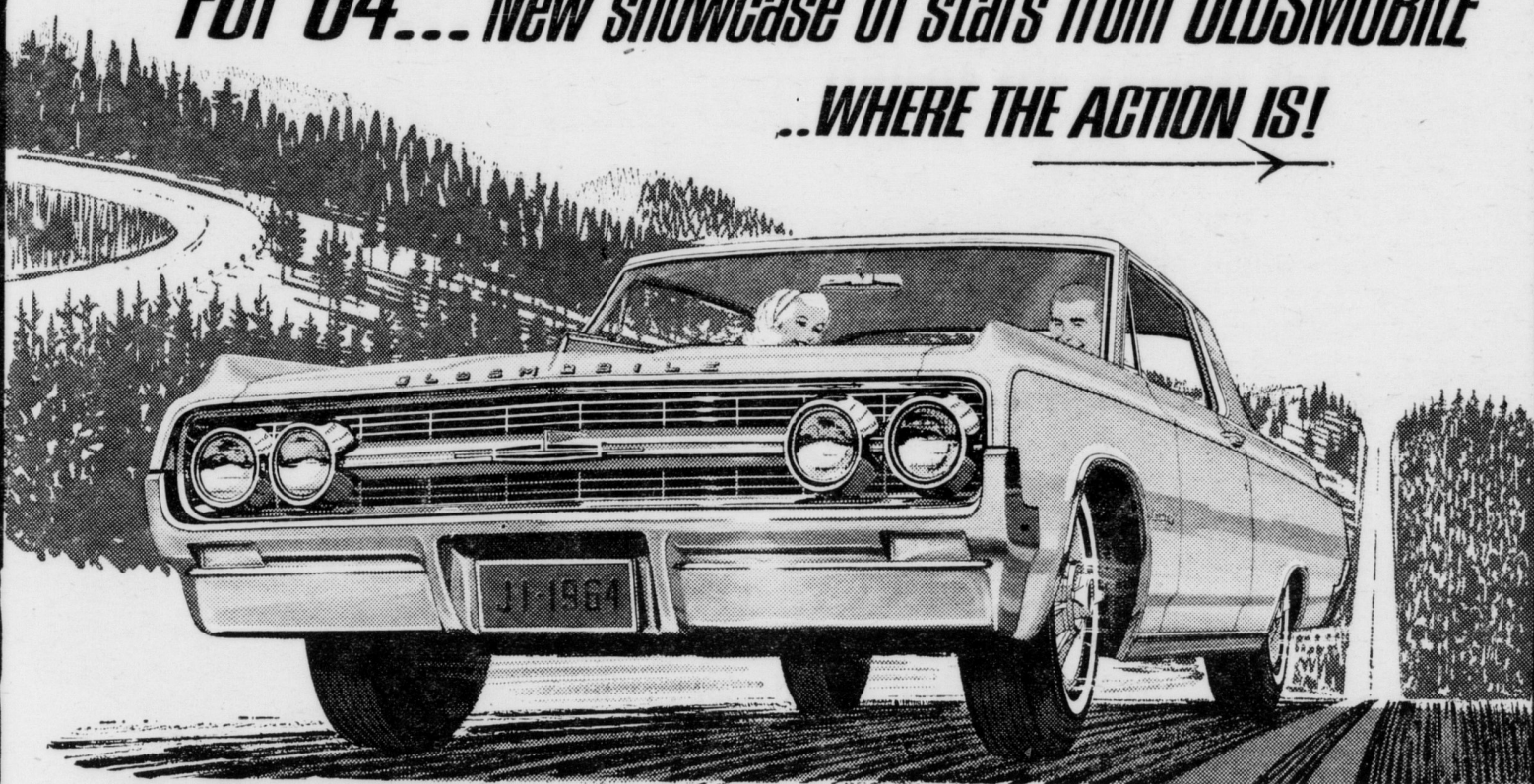
TWO NEW NEVER BEFORE OLDSMOBILES!
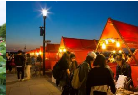
ROMANTIC MOONLIGHT MARKET
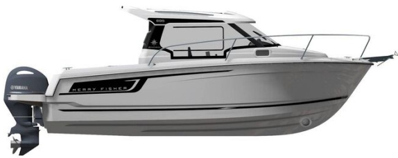
Jeanneau Merry Fisher 695 wheelhouse boat - diagram of side view
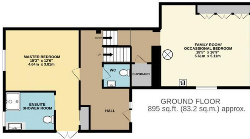
GROUND FLOOR 895 sq.ft. (83.2 sq.m.) approx.
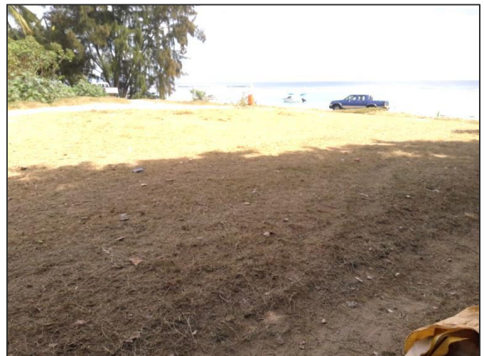
Mowing of grass (After)
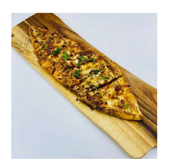
A07 - Lamb Pide (Turkish Pizza)

Lamb Pide is an oval-shaped flatbread baked with minced lamb meat, onion, chilli, herbs and mozzarella toppings slow cooked in stone oven
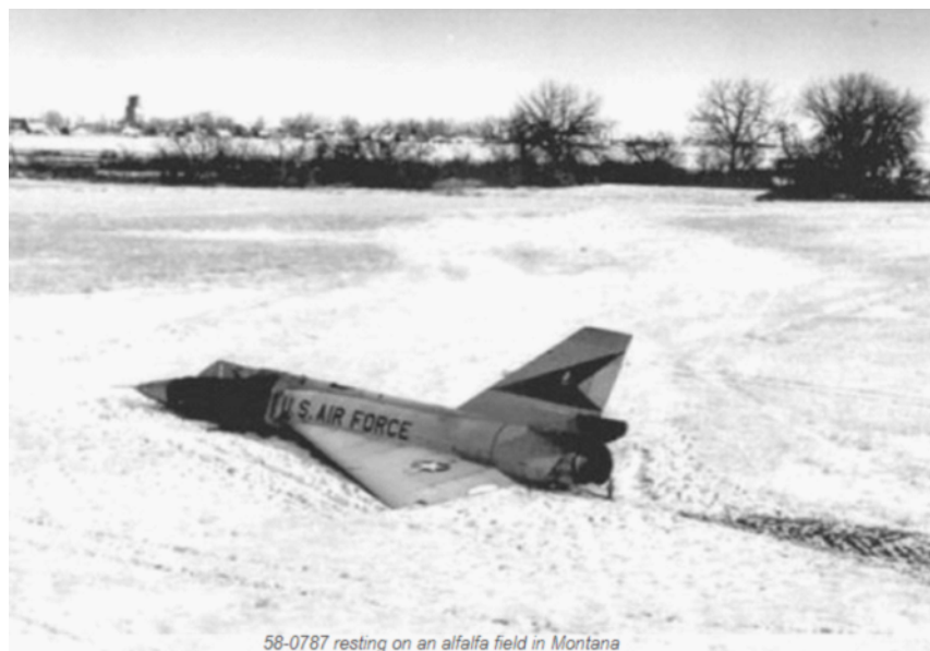
58-0787 resting on an alfalfa field in Montana

Curtis saw it all. From his angle, it looked as if the plane’s tail was doing a slow circuit around its wobbling nose – disaster! It’s called a flat spin. And once an F-106A does that, it’s almost as good as dead.
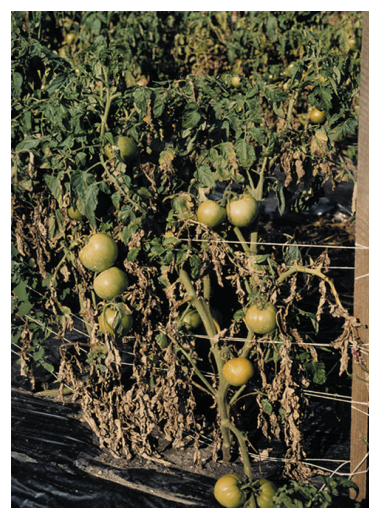
Figure 13. Wilting caused by bacterial spot

Bacteria can be transmitted to seedlings from contaminated seeds. Avoid rotating with peppers. It is advisable to avoid handling plants (pruning and tying, for example) any more than
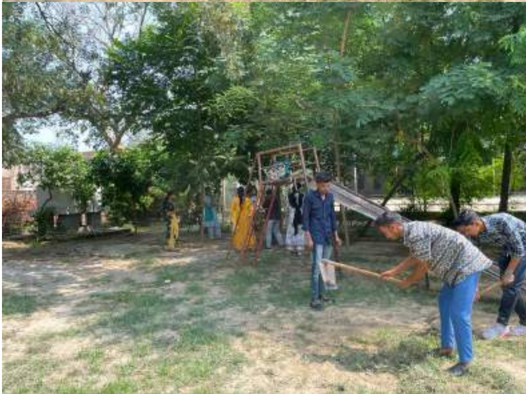
Glimpses of One Day Cleanliness & Awareness Camp
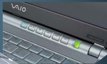
Unique AV buttons
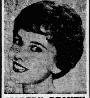
MODERN BEAUTY 131 S. Central Ph. SP 3-5379
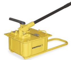
Large Capacity Pump
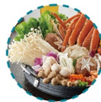
火锅食材及用品 HOT POT INGREDIENTS AND SUPPLIES
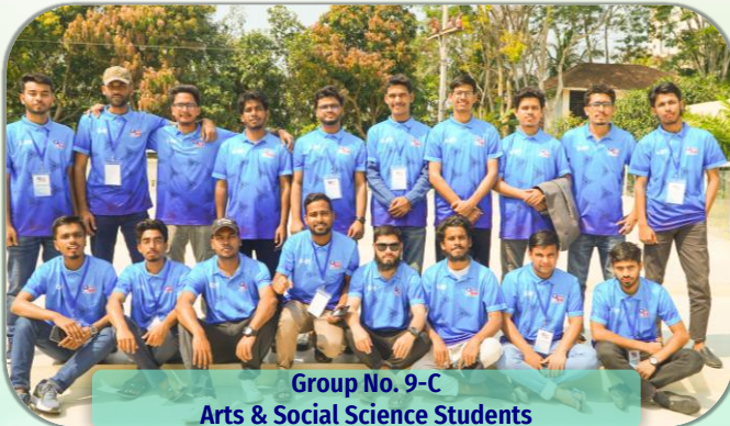
Group No. 9-C Arts & Social Science Students
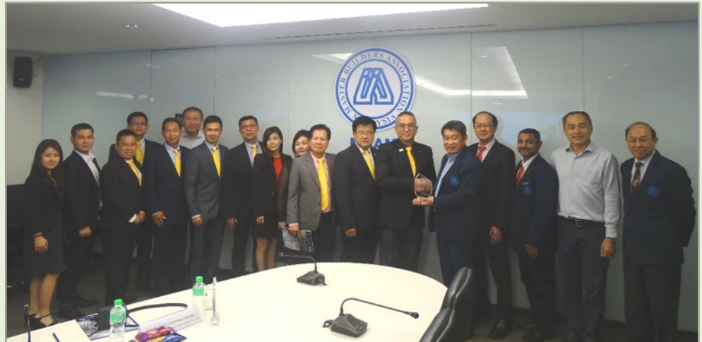
Group photo of PMBBMDA and MBAM representatives

The meeting was fruitful with both sides updating each other on the current news. We hope to work together for the betterment of the industry.
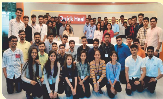
Visit to Quick Heal by students of computer science
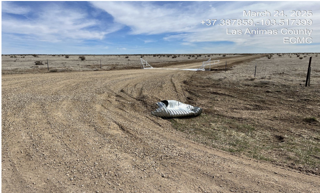
Photo 1. Facing northeast at the beginning of the access road. The culvert is damaged and will need to be repaired.
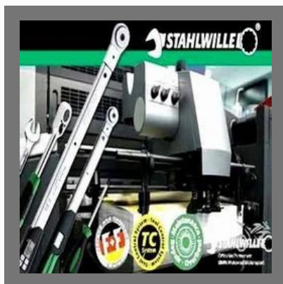
Stahlwille Tightening Tools
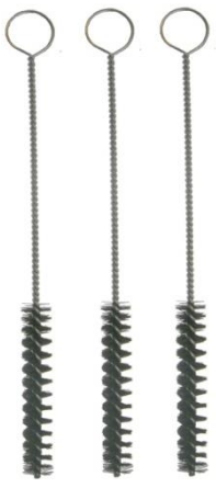
Spile Cleaning Brush Cleaning brushes used to clean spiles before tapping trees and at the end of the season.
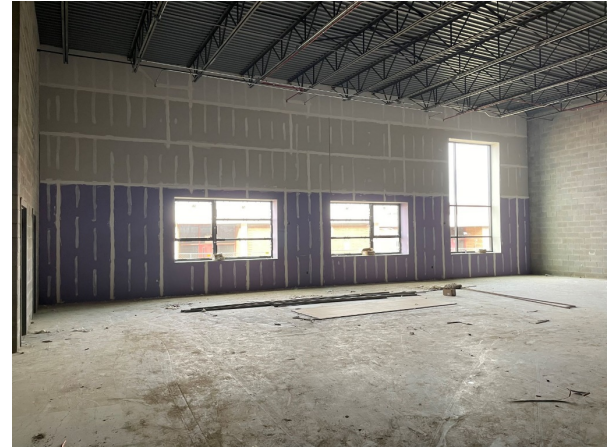
Area C – Orchestra Room Gyp
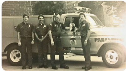
ABOVE LEFT: Montebello Fire Department's first Paramedic Rescue Team in 1972.

“ In the midst of gearing up for transformative changes to enhance service for Montebello residents, let's take a moment to reflect on the incredible journey of the Montebello Fire Department. Commissioned on June 20, 1922, the department's initial mission was to serve a population of 3,000. Fast forward to 1965, the population had surged to over 40,000, requiring 54 dedicated fire personnel to respond to 400 fire calls and over 400 rescues that year alone.
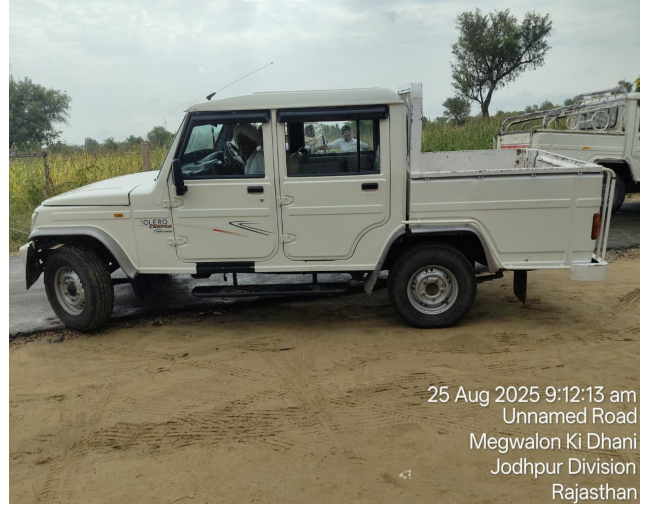
25 Aug 2025 9:12:13 am Unnamed Road Megwalon Ki Dhani Jodhpur Division Rajasthan
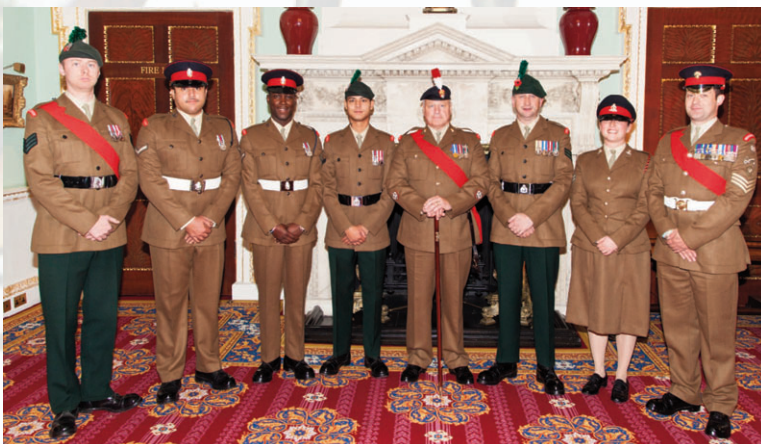
Our loyal Carpet Guard from Headquarters Company, London Regiment, on parade just before the Banquet. They have been providing the guard since 1989.
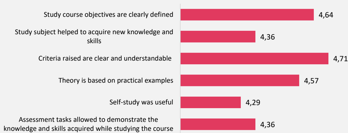
Figure 1. Assessment of the content quality of the subjects of the Pharmacy techniques study programme according to criteria (averages).

Note: The average of the Likert scale is provided. The higher the average, the more respondents agree with the statement
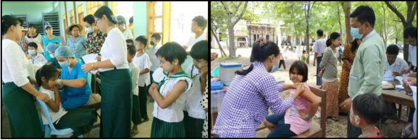
Students being vaccinated against COVID-19 in respective regions and states

COVID-19. About 29.77 million people have received two-time full doses of the vaccine, 5.9 million people have received the first doses and 3.7 million people have been vaccinated against COVID-19 booster doses. A total of 69.16 million people have been inoculated against COVID-19 in Myanmar.
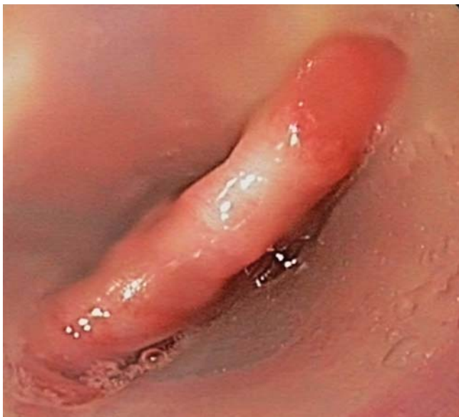
► Fig. 2 The esophageal-diverticular septum was isolated between the two blades after gentle advance of the diverticuloscope until the long blade fit into the esophageal lumen and the short blade into the diverticulum.
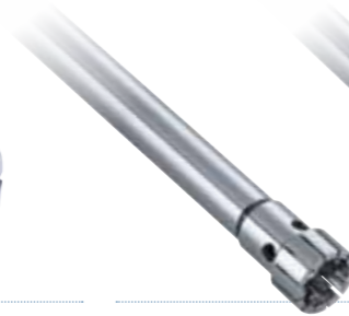
S 25 KV - 25 F Dispersing element

Ultimate fineness, suspensions: 5 – 25 µm Ultimate fineness, emulsions: 1 – 5 µm
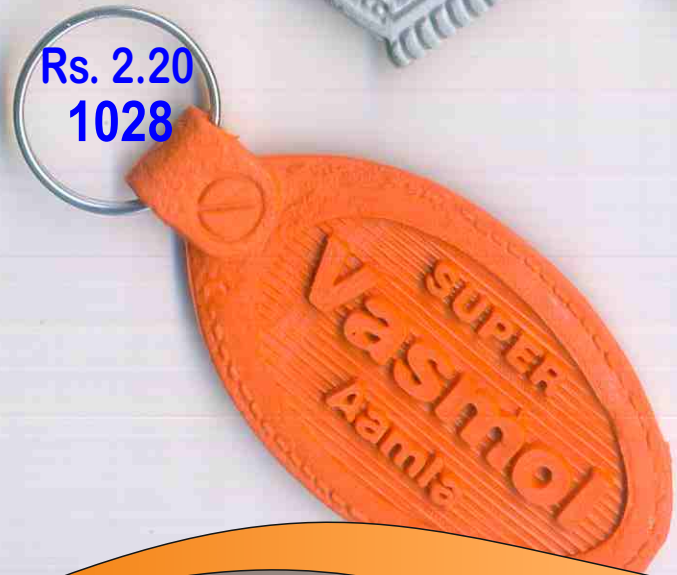
Rs. 2.20 1028
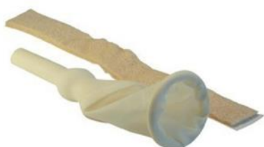
Image of Uridome

NOTE: The Uridome is usually applied after daily bathing/showering.
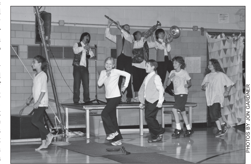
The performers' grand entrance is accompanied by taped music and miming musicians.
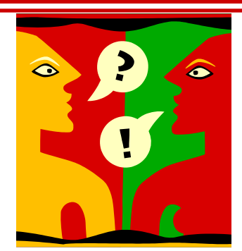
Find Name of Mystery Member on Page 7.
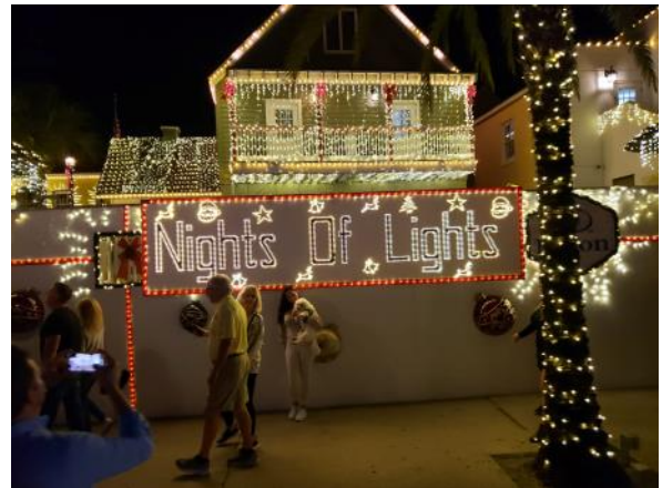
St. Augustine's famous Nights of Lights

New Year's Eve Day we had a rally breakfast where breakfast sandwiches and homemade waffles were a hit. People stayed longer to visit and play a game of "9 Square in the Air". Some then went on to site seeing while oth-
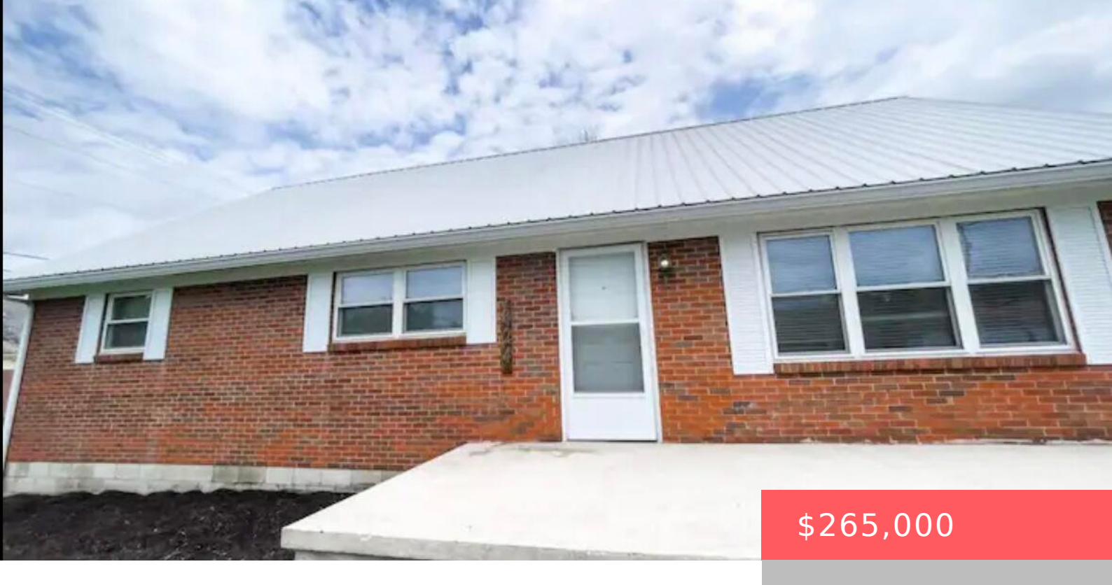
STANTON, KY, 40380
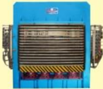
MULTI-DAYLIGHT HOT PRESS
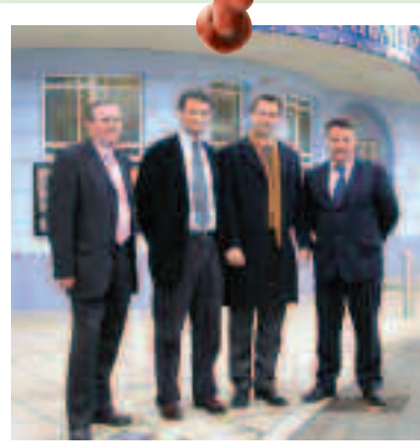
Peter Aldous with Jeremy Hunt MP, Shadow Culture Spokesman

- - - - - - -

ACTIVITY: All that should appear in the answer is the lines above from the line with "Curtis saw it" through the line with "The meeting was", retyped exactly, pictures left out.

TASK RESPONSE:
Curtis saw it all. From his angle, it looked as if the plane’s tail was doing a slow circuit around its wobbling nose – disaster! It’s called a flat spin. And once an F-106A does that, it’s almost as good as dead.
Figure 13. Wilting caused by bacterial spot

Bacteria can be transmitted to seedlings from contaminated seeds. Avoid rotating with peppers. It is advisable to avoid handling plants (pruning and tying, for example) any more than
Glimpses of One Day Cleanliness & Awareness Camp
Unique AV buttons
MODERN BEAUTY 131 S. Central Ph. SP 3-5379
Large Capacity Pump
火锅食材及用品 HOT POT INGREDIENTS AND SUPPLIES
Group No. 9-C Arts & Social Science Students
Group photo of PMBBMDA and MBAM representatives

The meeting was fruitful with both sides updating each other on the current news. We hope to work together for the betterment of the industry.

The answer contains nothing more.